§ **WHAT IS BEING ASKED**
Lines from the one containing "#20. Pink Coffin" through the last line of the data are to be returned exactly, both ends included, minus any pictures.

§ **INPUT MATERIAL**
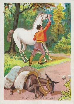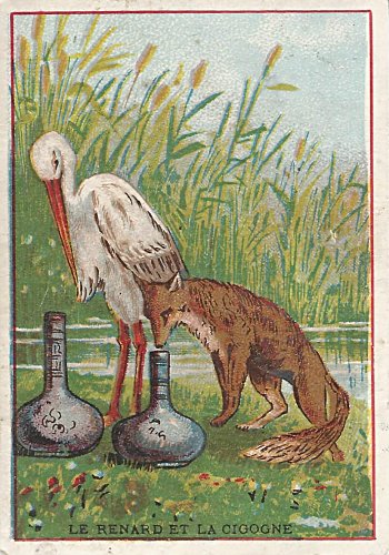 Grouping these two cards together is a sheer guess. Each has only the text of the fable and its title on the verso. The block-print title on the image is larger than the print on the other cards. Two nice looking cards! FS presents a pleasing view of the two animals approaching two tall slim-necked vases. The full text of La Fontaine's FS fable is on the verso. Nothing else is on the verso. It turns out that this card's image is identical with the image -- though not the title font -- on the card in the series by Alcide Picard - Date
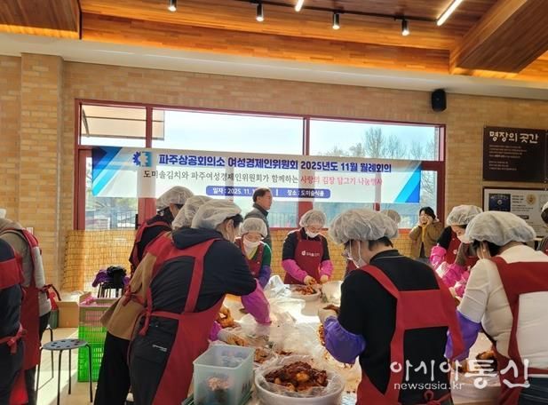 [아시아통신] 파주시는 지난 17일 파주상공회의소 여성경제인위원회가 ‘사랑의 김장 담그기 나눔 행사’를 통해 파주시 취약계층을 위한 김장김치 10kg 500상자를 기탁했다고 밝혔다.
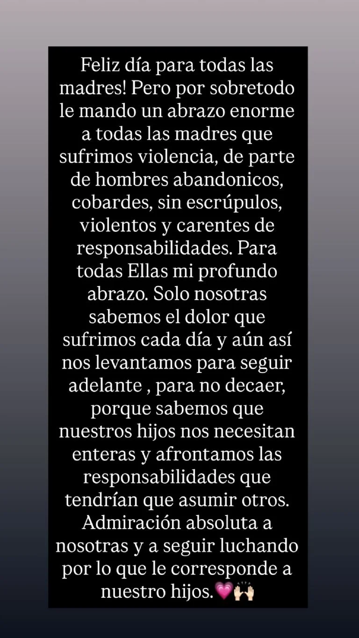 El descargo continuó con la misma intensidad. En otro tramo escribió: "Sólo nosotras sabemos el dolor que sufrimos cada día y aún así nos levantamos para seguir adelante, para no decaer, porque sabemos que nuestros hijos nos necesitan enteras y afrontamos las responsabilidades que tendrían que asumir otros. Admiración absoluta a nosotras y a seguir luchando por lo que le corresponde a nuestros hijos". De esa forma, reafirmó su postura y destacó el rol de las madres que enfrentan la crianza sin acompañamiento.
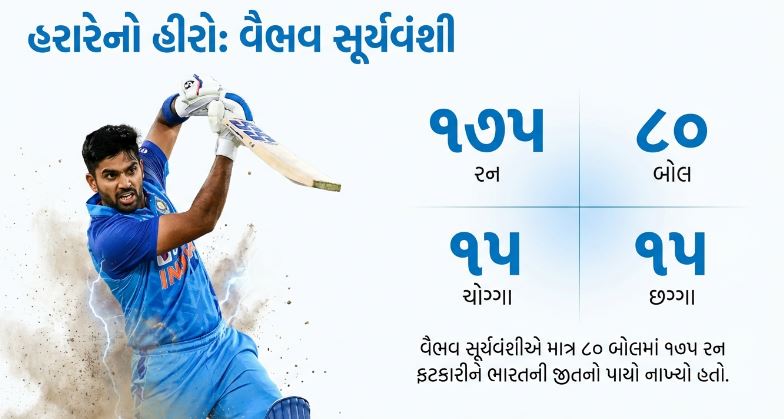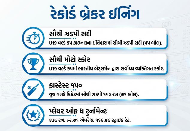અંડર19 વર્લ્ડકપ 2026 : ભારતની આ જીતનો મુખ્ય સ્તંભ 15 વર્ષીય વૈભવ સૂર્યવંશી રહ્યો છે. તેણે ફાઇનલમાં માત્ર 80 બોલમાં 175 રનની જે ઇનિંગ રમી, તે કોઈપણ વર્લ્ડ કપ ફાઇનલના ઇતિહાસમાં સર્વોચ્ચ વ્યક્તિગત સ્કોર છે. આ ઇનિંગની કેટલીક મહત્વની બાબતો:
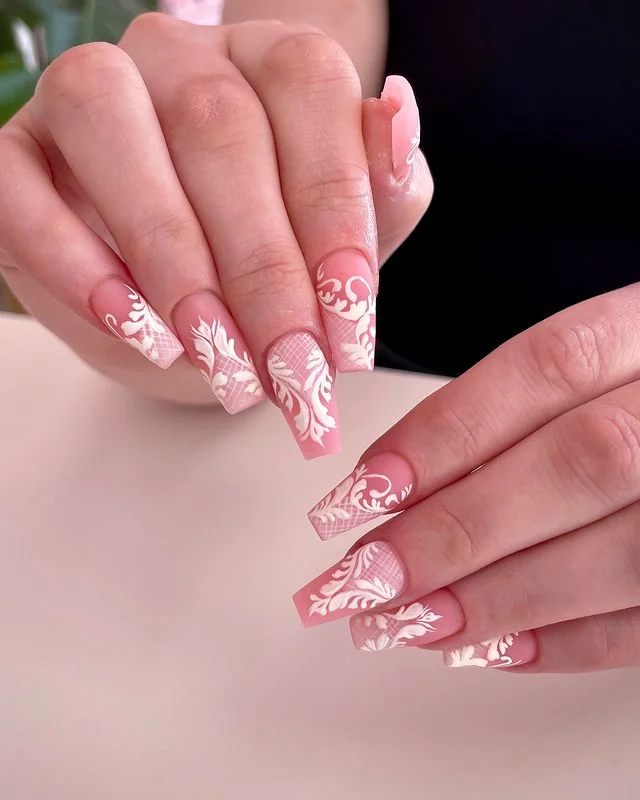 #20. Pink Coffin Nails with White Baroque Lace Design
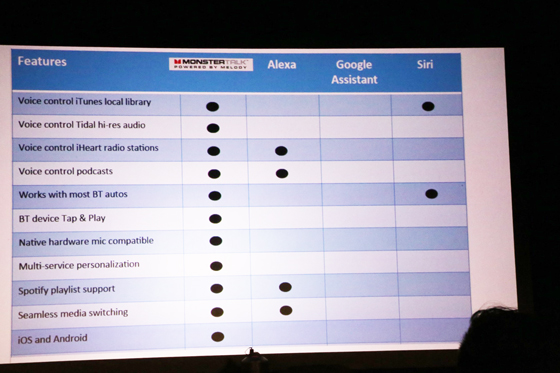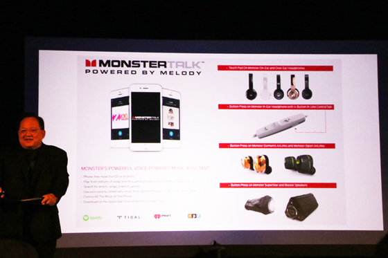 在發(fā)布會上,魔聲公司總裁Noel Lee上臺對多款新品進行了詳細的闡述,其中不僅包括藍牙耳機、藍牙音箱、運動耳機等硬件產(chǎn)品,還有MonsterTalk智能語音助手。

§ **ANSWER BOX**
 #20. Pink Coffin Nails with White Baroque Lace Design
 在發(fā)布會上,魔聲公司總裁Noel Lee上臺對多款新品進行了詳細的闡述,其中不僅包括藍牙耳機、藍牙音箱、運動耳機等硬件產(chǎn)品,還有MonsterTalk智能語音助手。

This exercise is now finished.